Como você lida com as travas da escrita, como a procrastinação, o medo de não corresponder às expectativas e a ansiedade de trabalhar em projetos longos?
Eu não consigo travar durante a escrita, mas tem momentos em que as coisas andam bem devagar, então, dou uma parada e depois continuo. Não me lembro de ter procrastinado no ato de escrever, pois consigo sempre me manter ativo. Só parei uma vez e foi no meu último romance, por motivo de doença. Sempre tenho o receio de ficar uma porcaria. Isso surge no final projeto junto com a ansiedade para que tudo seja publicado e venha existir uma boa receptividade.
Quantas vezes você revisa seus textos antes de sentir que eles estão prontos? Você mostra seus trabalhos para outras pessoas antes de publicá-los?
Faço a revisão por várias vezes. No meu último romance publicado, “Corrompidos”, revisei dez vezes no mínimo. Lembro-me que escritor japonês Haruki Murakami disse algo mais ou menos assim: “Não há nada que está bom, que não possa ficar melhor”. Tenho o hábito de sempre mostrar o que escrevo para alguém, normalmente é um escritor amigo meu, mas pode ser uma pessoa que leia com frequência.

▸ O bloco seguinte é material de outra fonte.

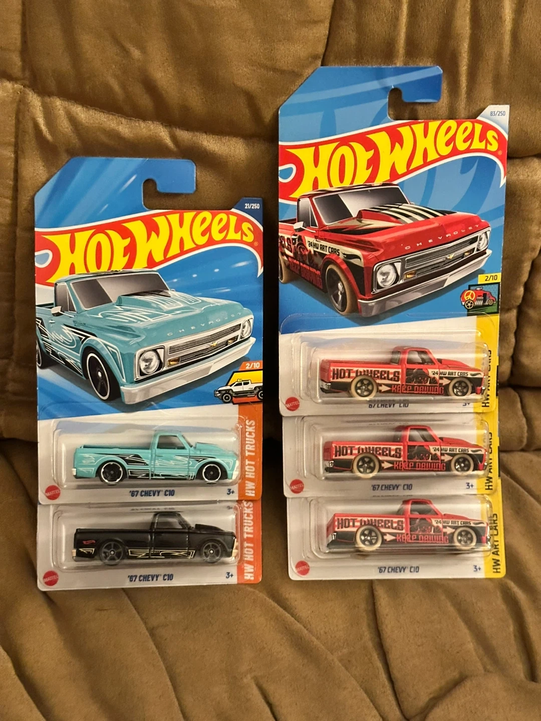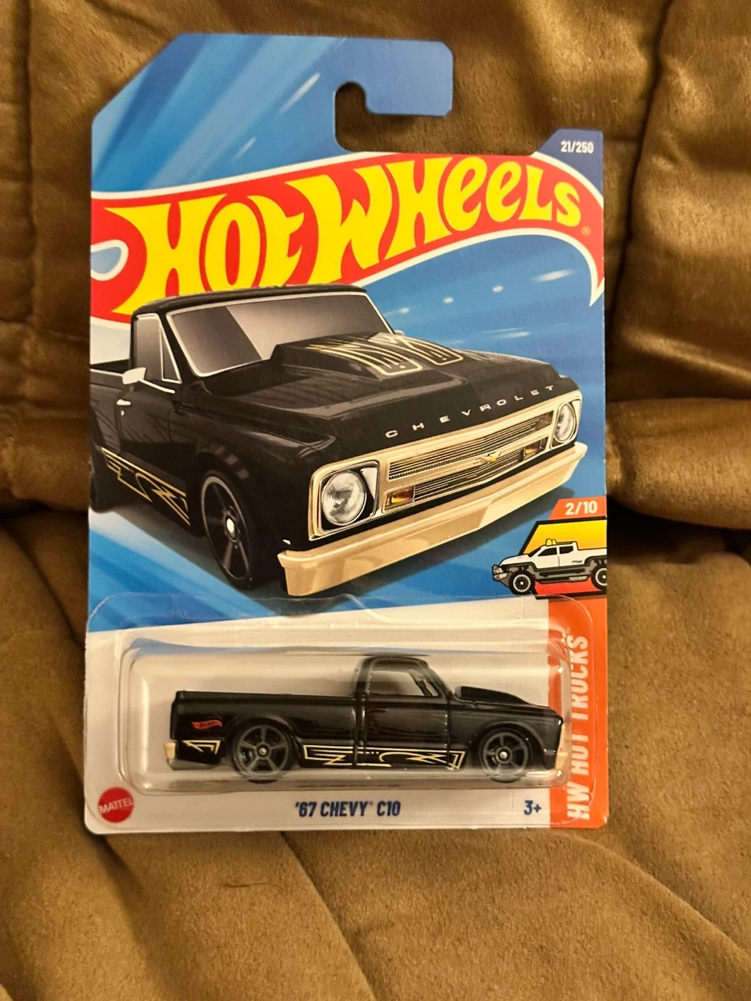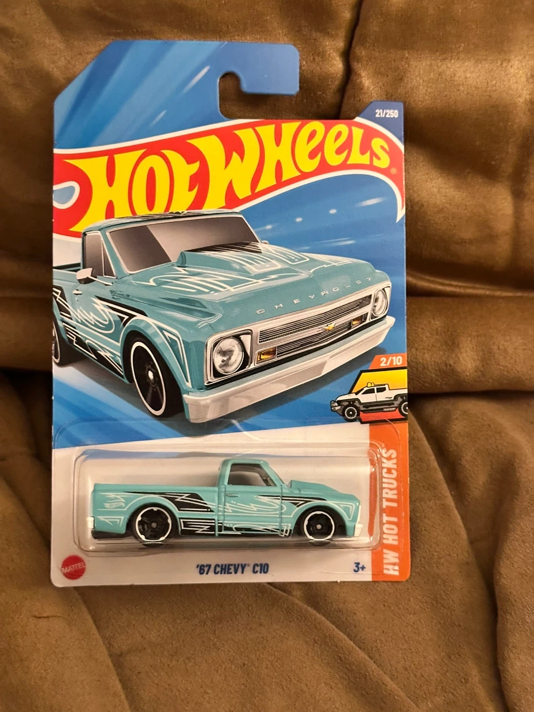 Get your hands on these cool Hot Wheels '67 Chevy C10 die-cast trucks. It's a fun collectible for enthusiasts! Assorted colours available.

Como é sua relação com a tecnologia? Você escreve seus primeiros rascunhos à mão ou no computador?
Tenho sempre um computador conectado a internet, que é muito útil para pesquisas rápidas. Salvo os meus arquivos também e um pendrive. Não consigo produzir sem ajuda da tecnologia. Sempre coloco tudo que escrevo no computador, mesmo que tenha escrito numa folha de papel durante o meu dia, pois logo ao chegar em casa passo tudo para ele.

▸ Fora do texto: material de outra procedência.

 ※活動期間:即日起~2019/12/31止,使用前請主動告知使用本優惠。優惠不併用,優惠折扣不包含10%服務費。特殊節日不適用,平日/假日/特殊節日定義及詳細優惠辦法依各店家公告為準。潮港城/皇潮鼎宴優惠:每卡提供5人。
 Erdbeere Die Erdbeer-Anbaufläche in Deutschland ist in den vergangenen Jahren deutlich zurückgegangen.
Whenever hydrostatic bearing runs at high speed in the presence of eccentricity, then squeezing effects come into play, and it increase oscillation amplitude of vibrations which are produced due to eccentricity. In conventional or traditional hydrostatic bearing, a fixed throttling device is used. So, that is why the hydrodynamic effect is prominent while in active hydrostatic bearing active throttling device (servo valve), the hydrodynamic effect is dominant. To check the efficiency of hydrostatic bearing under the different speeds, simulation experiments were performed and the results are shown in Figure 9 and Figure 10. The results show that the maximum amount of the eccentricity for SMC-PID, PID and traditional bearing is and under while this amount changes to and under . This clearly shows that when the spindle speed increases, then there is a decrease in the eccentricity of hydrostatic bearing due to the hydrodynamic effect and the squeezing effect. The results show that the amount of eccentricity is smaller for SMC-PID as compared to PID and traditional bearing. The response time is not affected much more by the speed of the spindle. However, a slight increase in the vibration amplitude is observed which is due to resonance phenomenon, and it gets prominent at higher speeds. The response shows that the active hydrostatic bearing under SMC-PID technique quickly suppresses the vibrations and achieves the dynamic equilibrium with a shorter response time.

De onde vêm suas ideias? Há um conjunto de hábitos que você cultiva para se manter criativo?
As ideias surgem de repente na minha cabeça e sempre associadas com a minha vivência, ao meu dia a dia, ou algo que tenha lido nos veículos de informação. As experiências de pessoas com que eu tenha convivido ou conviva, são uma ótima fonte para criação. Com tudo em mente e a pesquisa sendo realizada, ficciono em volta do enredo idealizado.
O que você acha que mudou no seu processo de escrita ao longo dos anos? O que você diria a si mesmo se pudesse voltar à escrita de seus primeiros textos?

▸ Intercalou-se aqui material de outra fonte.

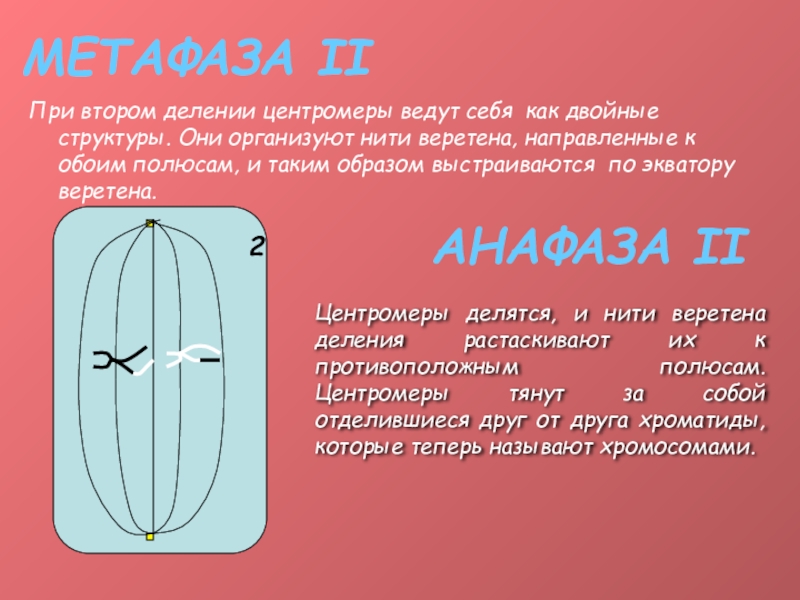 Центромеры делятся, и нити веретена деления растаскивают их к противоположным полюсам. Центромеры тянут за собой отделившиеся друг от друга хроматиды, которые теперь называют хромосомами.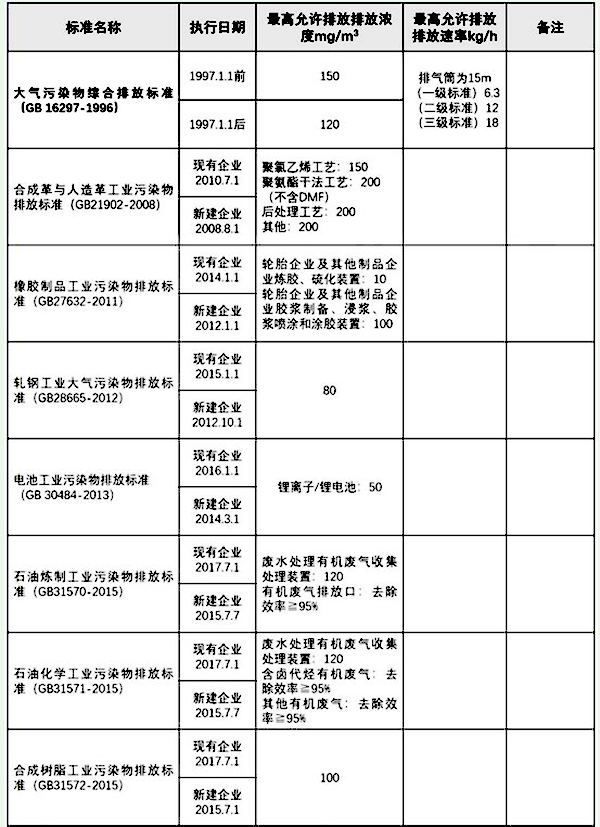 國家VOCs有機廢氣排放標準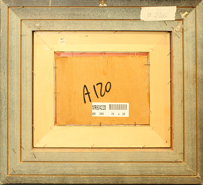 PIERO MAGGIONI, "Paesaggio astratto", anni '80, olio su tavola, cm 14,8x20,2, con cornice 40x44,5x4 cm, 1,5 kg. Al fronte: firma in basso a sinistra. Opera con certificato di provenienza della Daliano Ribani Arte. Opera con cornice in omaggio.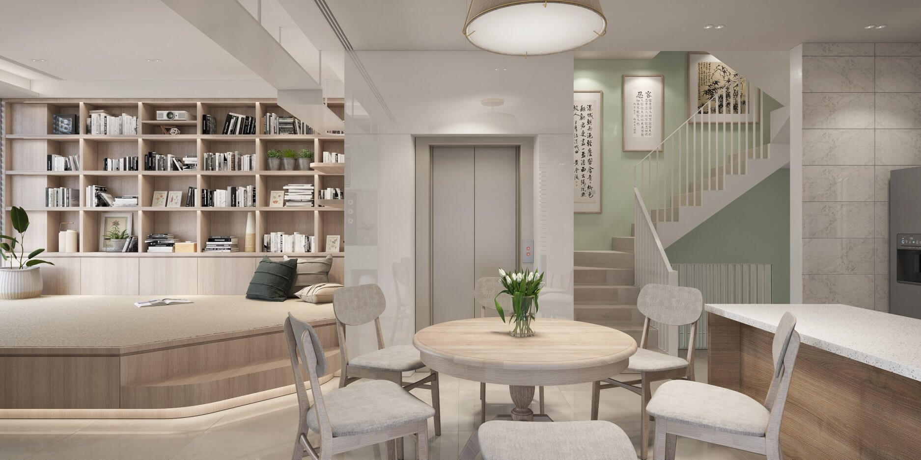 整體的空間採柔和明亮的色調,請燈光專家評估後,燈光使用自然舒適的 4000K 有含遮罩的崁燈,使光均勻柔和地漫射於環境之中。 即使是陽光沒辦法直接照到的梯間,白色的格柵扶手鐵件搭配灰綠牆面,仍然維持住空間清爽明亮的調性。在這裡,不管是工作、學習或是娛樂活動,家中的成員都能用最自在的心情度過生活中的每一天。

Encaro que a cada texto que escrevo como um processo de evolução, buscando fazer algo melhor, mas não fugindo do objetivo de contar uma boa história. Algo que gosto de fazer que não fazia no início era contar um fato ou algo histórico dentro da narrativa. Existe um romance histórico feito por mim quando comecei, que pretendo reescrevê-lo no futuro, pois acho do modo como escrevo hoje, ele talvez venha a ter um resultado final muito melhor.
Que projeto você gostaria de fazer, mas ainda não começou? Que livro você gostaria de ler e ele ainda não existe?
Eu gostaria muito de ter mais tempo para ler e escrever. Nada tão frequente, mas regular e assim iniciar um projeto de roteiro para TV e cinema. Não consigo idealizar um livro que gostaria de ler, pois são tantos na história da humanidade, que é só procurar. O problema algumas vezes é achá-lo. Também há aqueles livros que ainda estão por vir e no futuro tomaremos contato. Tem uma coisa que não abro mão na leitura, que é se divertir.